Obama’s NASCAR Moment
By Bernie Quigley
- for The Hill on 8/20/09
This President, unlike many, has what I would call an authentic personality, meaning he is naturally curious and interested in the world and responds naturally to originality and creativity no matter where he comes from. Then he also has an “official” nature; modified by his handlers. If you look, you can tell: He looks like he really likes this; or he’s just doing what they tell him to do or what he thinks a President should be doing in a situation like this. He has two smiles that go with it. The one, a huge, beaming, indomitable smile of joy that is present on every picture of his maternal grandfather. The other, the attractive and stylish JFK smile with the casual wave. His picture today with 2008 NASCAR Sprint Cup Champion Jimmie Johnson on the South Lawn of the White House and his big car shows the President beaming, happy, and engaged. There is something in the animal that wants to go fast.
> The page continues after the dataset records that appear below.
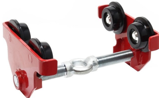
Illustration similaire, peut varier selon le modèle

Veuillez lire et respecter le mode d'emploi et les consignes de sécurité avant la mise en service.
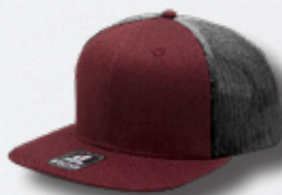
WINE / OXFORD
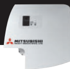
Пульт RC-E5 (опция)
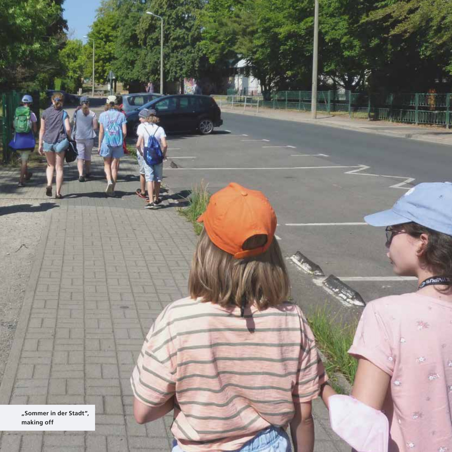
„Sommer in der Stadt“, making off
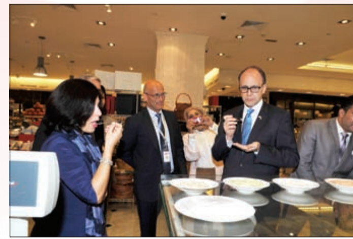
تجربة بعض الأطلعة

تضاعف براءات الاختراع الأميركية في الكويت خلال 2013
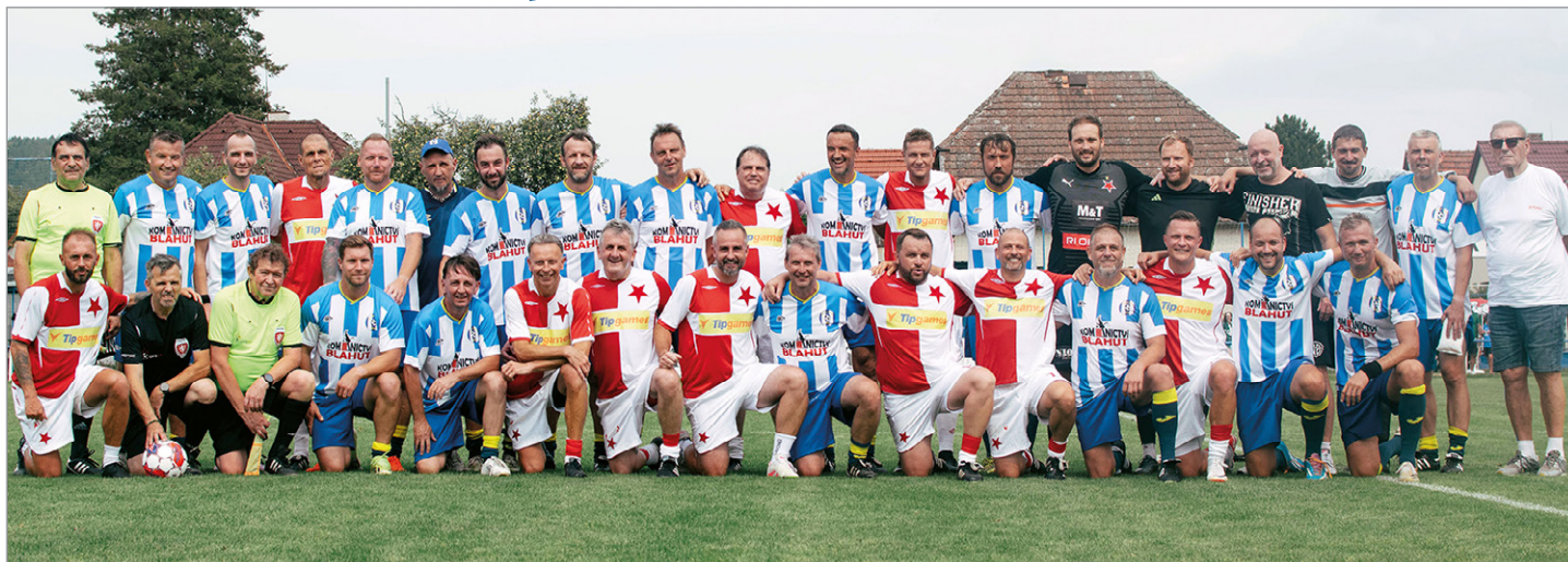
Legends Sázavy a Slavie.
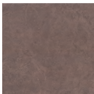
SG918100N Вилла Флоридиана коричневый 30x30 Villa Floridiana brown
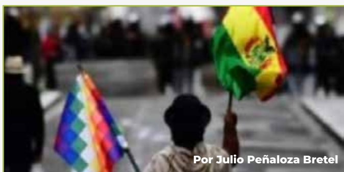
Por Julio Peñaloza Bretel
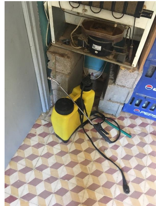
Photos 3. Pulvérisateurs à dos installés dans un café et suspendus dans une maison

des problèmes de respiration. Il est évident que, vu les moyens limités au niveau du dispensaire, la détection et le diagnostic de ces intoxications par les pesticides restent très difficiles.
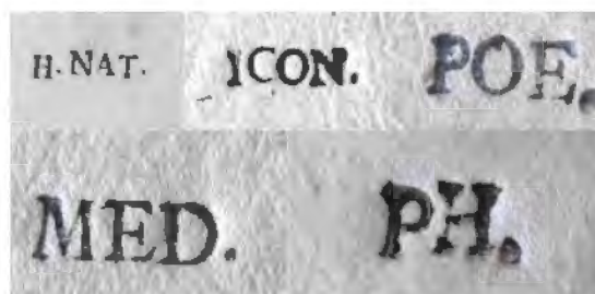
Рис. 2. Литерные знаки Камерного каталога
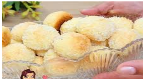
ITEM 13 – GOIABADA COM COCO *Imagem meramente ilustrativa

As a posse of pundits has been expecting pictures of him basking with Prof. Gates and New York’s elite at Martha’s Vineyard this week and waiting for his approval ratings to drop accordingly, we have been getting instead Obama and his girls at the Grand Canyon, most American of icons and here with NASCAR’s top drivers. Nice footwork by somebody. This is the President’s best public relations photo op moment since he ran for President.
The President is not a snob. But he has been led to the institutionalized voices of snobbery and pretension by people who are and it has hurt him. Obama might take a cure from Dave “Mudcat” Saunders, who advised Mark Warner in his successful run for Governor of Virginia. Mudcat got Warner to sponsor a NASCAR team and brought the Stanley Brothers to his events. Warner, now Senator from Virginia, like Obama, is a Harvard-educated lawyer and the vital, rural life force of the sweet hills of Wilkesboro where stock car racing got its start wouldn’t come naturally to him. But, like Obama, he seemed to enjoy the party.
Not everyone would, and it would show. NASCAR might be a touchstone for rising politicians. Bring them to an event. See if they look like they’d like to go fast too. Or see if they squirm.